Given the nature of my varied work method, I made a summary of what my workflow would look like in a single script, called main.py. Note, however, that this is not the script that I executed to obtain all results at once: this is only a condensed overview of the resulting optimal workflow I decided upon after learning from an iterative search process.
I assembled most of the many different scripts I used and altered along the process in the folder Old Scripts, so that a notion of my iterative workflow can be obtained.
I uploaded this all at once on Github since I'm quite new to the platform, so I'm still learning how to properly make use of it, instead opting to first focus on actually building the right model.
The building of a working model trained to detect boats in a video in real time was an iterative process of trying out multiple different models and methods in order to together accomplish the following sequence of steps:
- Download the dataset of images from Kaggle
- Create annotations for all these images
- Split the images and annotations in a training and validation set
- Build or acquire a model fitted for the specific task of detecting multiple types of boats and drawing bounding boxes in real-time on a video, trained on a dataset of 1500 boats of 9 different classes
- Train the model on this dataset and validate its performance
- Download a test video
- Perform real-time detection on this video
I first tried to let the annotations be created automatically, but eventually decided it would be best to create them myself using labelImg.

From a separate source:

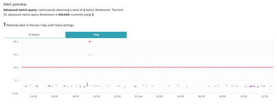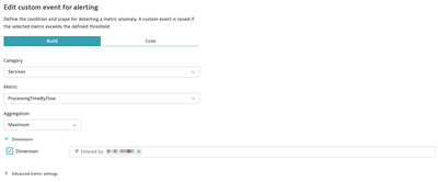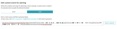 I am trying to configure custom alerts for a service's processing time. These alerts are based on a calculated service metric I created that allows me to filter request data by certain dimension; request attributes.

Then I wrote a script to split the images and corresponding annotations in a training and test set.
I first tried detection using ResNet, but after not getting the expected results I opted for the pre-trained YOLOv5 model, taking the nature of the task, the size of the dataset and the amount of classes into consideration.
After downloading this model, I performed training using the built-in training script for 50 epochs on the training and validation set.
To confirm the trained model's capability, I downloaded several representative videos and let the model detect the boats in real-time.
The downloading of the images, creating of annotations and putting them into their respective folders, I did manually.
To split the images and annotations into a training and test set and put them in their respective "images" and "labels" folder, I wrote a script.
To download test videos, I did so either manually and used a script.
For downloading the pre-trained model, for training this model and for letting it detect (in real-time) on a video, I used direct commands in the command terminal.
I supplemented my own knowledge with the use of ChatGPT for giving me ideas and advice, as well as correct my code and provide (better) suggestions. Besides this, I also frequently scoured the internet for help and ideas.